Pre-Existing Conditions and Earning Capacity

Defendants argue that pre-existing conditions would have limited the plaintiff’s earning capacity anyway. If you had back problems before the accident, would you really have worked construction until age 65?

These arguments require medical evidence about the pre-existing condition’s likely progression. Expert testimony may be needed on both sides.

Georgia’s eggshell plaintiff doctrine protects against reducing damages just because you were more vulnerable. But honest assessment of pre-injury trajectory is appropriate.

The Self-Employed Plaintiff

Self-employed individuals present unique challenges for both lost wages and lost earning capacity.

Income documentation may be less clear than for employees. Business revenue doesn’t equal personal income. Tax returns may show artificial losses for business reasons.

Expert analysis of self-employment income requires understanding business finances, owner compensation, and industry norms.

Mitigation Obligations

Plaintiffs have a duty to mitigate damages. This means making reasonable efforts to return to work, pursuing retraining if necessary, and accepting available appropriate employment.

Refusing reasonable work that accommodates limitations can reduce recoverable damages. The defendant isn’t responsible for losses the plaintiff could have avoided through reasonable effort.

However, “reasonable” has limits. Plaintiffs aren’t required to take any job regardless of dignity or career history.

Presenting Earning Capacity Evidence

Effective presentation requires storytelling supported by numbers. Help the jury understand who you were becoming before the accident.

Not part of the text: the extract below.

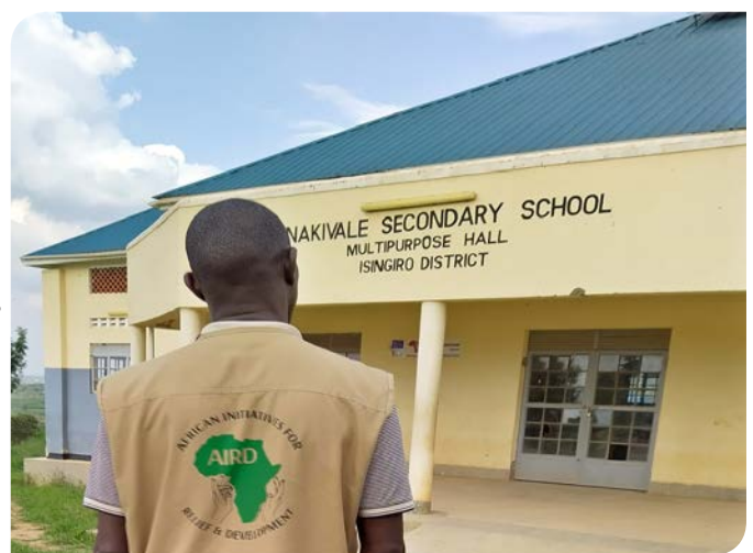
A staff member looks on at one of the buildings worked on by the AIRD program in South Western Uganda

In terms of rehabilitation works AIRD helped to restore 35 boreholes, 13 bridges, 1,301 emergency shelters, 167 latrines with sanitary facilities, 356 kilometres of roads and 1,010 transitional shelters among others to improve on the movement and accommodation needs of the People of Concern. The different construction and rehabilitation works have continued to support People of Concern with clean and safe water, eased their movements, improved accommodation facilities, and other basic social services leading to improved living conditions. Importantly, provision of sanitation and hygiene facilities helped to promote cleanliness within the refugee settlements resulting in reduced cases of disease outbreak in the year. Shelters contributed to reduction in common safety and protection related risks in settlements camps that mostly affected women and girls. The construction of learning centres enhances opportunities for refugee and host community children to receive a decent education.

Show them the trajectory that’s now impossible.

Visual aids help. Charts showing projected earnings with and without injury make abstract losses concrete.

Expert testimony must be accessible. Economists who can explain their methodology in plain language are more persuasive than those who bury juries in jargon.

Settlement Considerations

Lost earning capacity claims involve substantial uncertainty. What a jury might award is highly unpredictable.

This uncertainty affects settlement negotiations. Defendants discount claims they view as speculative. Plaintiffs may accept less than full projection to avoid trial risk.

Structured settlements can address future income losses effectively. Periodic payments over time mirror the lost income stream.

Lost wages and lost earning capacity together capture the full economic impact of injuries on your working life. Understanding both claims helps ensure you pursue complete compensation.


Income loss calculations involve economic analysis and expert testimony that vary by case. This article provides general information about wage and earning capacity claims in Georgia. For specific guidance about your income loss claims, consult with a Georgia personal injury attorney.